Поэтому, в отличие от авторов учебников и историй русской критики и литературоведения, нередко исходящих из того, что критика в России сложилась едва ли не до появления новой русской литературы, а русское литературоведение еще в XIX веке отличилось некими особыми достижениями, мы не склонны искусственно удлинять возраст русской критики и литературной науки и исходим из того, что они являются институтами, порожденными культурой Нового времени и достигшими степени зрелости, сопоставимой с другими европейскими странами, значительно позже, чем им традиционно приписывается[12]. В таком качестве литературная критика сложилась в России лишь к концу пушкинской эпохи. Куда позже, фактически лишь к концу XIX века, сложилась в качестве академической дисциплины история литературы[13], и лишь к началу XX века можно отнести по-настоящему успешные попытки создания оригинальной литературной теории в России.
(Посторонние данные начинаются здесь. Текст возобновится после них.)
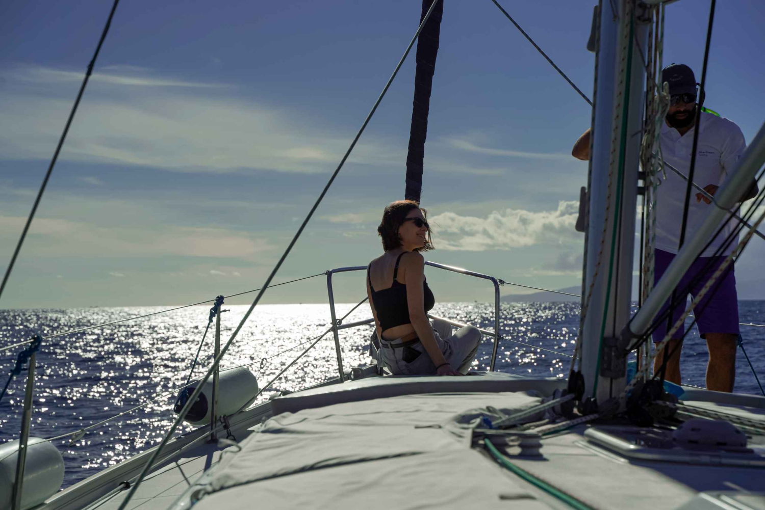 Une prise en charge à votre hôtel dans la région de Los Gigantes et un trajet jusqu'au port, où vous rencontrerez votre skipper et monterez à bord du Sangría. Mettez les voiles le long de la côte, en suivant les spectaculaires falaises rouges. Arrêtez-vous dans des criques cachées et des baies calmes.

Советская эпоха сломила традиционный для страны ход догоняющего развития, создав уникальную социально-культурную ситуацию, какой не знал институт критики ранее ни в России, ни в Европе. В этих условиях развивалась как журнальная критика, так и теория и история литературы. Только теперь, когда советская эпоха завершилась и стали различимы пути развития постсоветской критики, пришло время истории, понимаемое здесь как время концептуализации.
В силу исторически сложившегося отчуждения политической власти именно литература оказалась в России политической трибуной, а литературоцентризм стал одной из отличительных черт русской культуры Нового времени. Поскольку политико-идеологическая нагруженность литературно-критического дискурса прямо пропорциональна степени литературоцентризма, именно статус критики в России, уже к середине XIX века превратившейся в публичную трибуну политической и идеологической борьбы, обусловил ее специфику.
Критика, как сложился этот институт в европейской традиции к XX веку, имеет множество функций — эстетических, идеологических, экономических, политических, — но всегда она связана с «публичной сферой»: только в ней развивается, ею питается, ее функцией является. Специфика советской ситуации — в особом статусе политики: с одной стороны, она вся сконцентрирована на вершине власти, так что все социальные поля фактически «обесточены», лишены власти; с другой стороны, именно в силу этой концентрации политика ищет новые пути для реализации, проявляя себя в сферах, в которых традиционно ее роль довольно мала: всё оказывается деполитизированным и политизированным одновременно, всё — от эстетики до экономики — из источника власти превращается в проводник власти.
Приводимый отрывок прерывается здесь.